Бахши, поэт, давно дрожавший от мгновенного вдохновения, ударил по струнам дутара.
— Играй! — закричал ему мой товарищ, а мне тихо шепнул: — У нас говорят: соловей, у которого отнята роза, превращается в ворону. Посмотри на них.
Нам подали чашку с пловом. Мы сели среди детворы и стали слушать музыку.

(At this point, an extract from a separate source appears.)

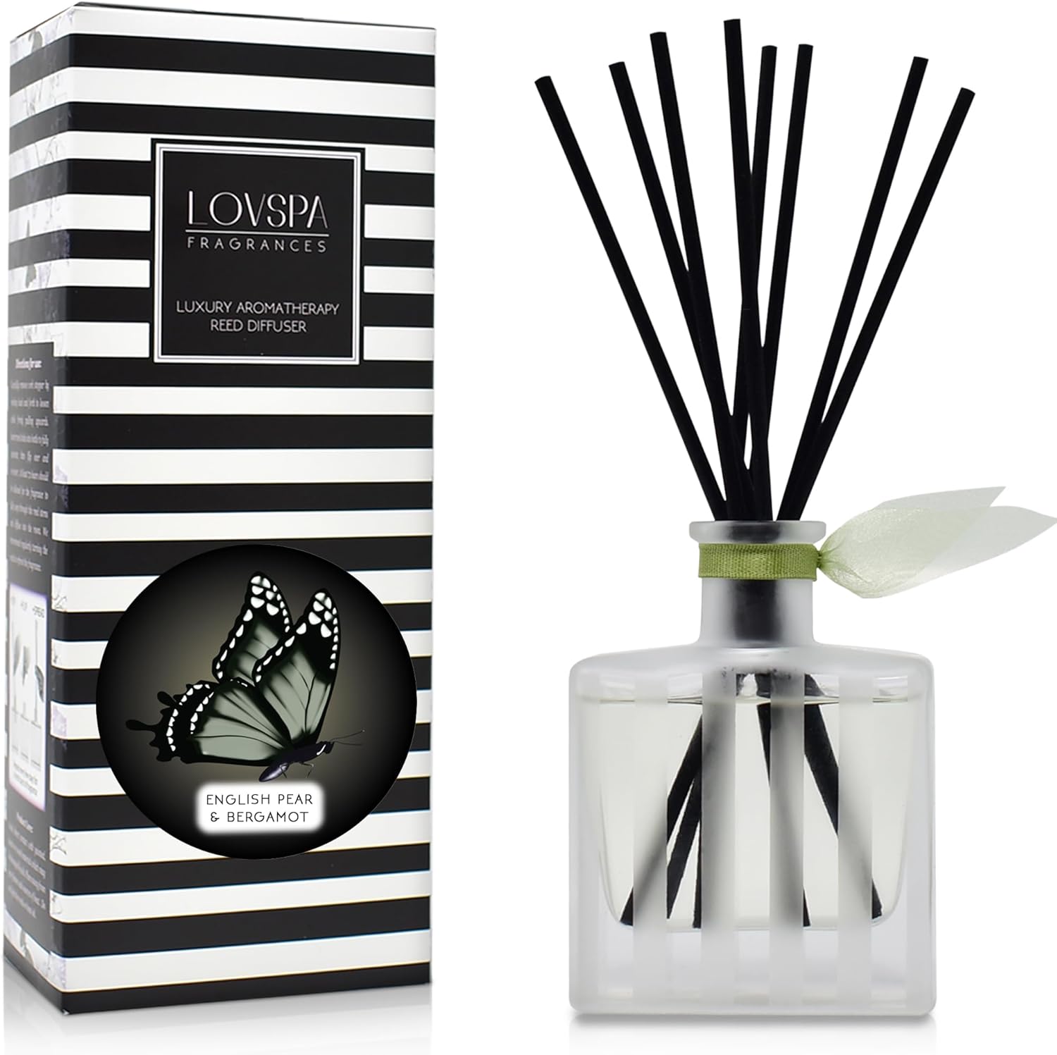 LOVSPA Reed Diffuser Set, Unwind Eucalyptus & Mint Scented Oil Diffuser with Sticks, Home Fragrance Accessories for Bathroom Shelf Decor, Aroma Diffusers for Home or Office Desk, USA Made

У туркменов нет танца ни как искусства, ни как простого развлечения. Искусство — это песня и музыка, развлечение — борьба и скачки. Никто до сих пор не занялся объяснением, почему же не повезло у туркменов танцу, который в давнем почете у узбеков, принят на праздниках у казахов, которым афганцы пользуются как средством проверки темперамента и боевой горячности и который персы культивируют как самое высшее из эротических искусств. В Туркмении же никому не придет в голову производить ритмические телодвижения перед боем, накануне брачной ночи или в день религиозного праздника. В театральной школе Ашхабада туркменские девушки учатся танцовать с видом людей, публично проделывающих до очевидности глупые и безнравственные движения. Они стараются производить их наиболее деревянно, скупо, замкнуто, — краснея, когда хоть одно искреннее движение проскальзывает сквозь их плясовую работу. Между тем туркмены любят песни и понимают и ценят музыку. Их музыка двухголосная, в то время как в Хиве, Бухаре и даже в Персии — одноголосная. Туркмены относятся к музыке, как испанцы к бою быков. Туркмены воспринимают музыку как нечто полемическое. Они наблюдают за мелодией, как шахматист за чужой партией. Они могут не соглашаться с мотивом, будут оспаривать удар руки по струнам или акцент эмоции, вложенный бахши в музыкальную фразу. Они воспринимают песни и музыку физиологически — не на струнах дутара, но на них, на их собственных нервах оперирует мастер. Они плачут, смеются, вздрагивают или сидят зачарованные, чтобы вскочить в диком азарте и, истекая нервным потом, долго и отчаянно радоваться музыке криками поощрения.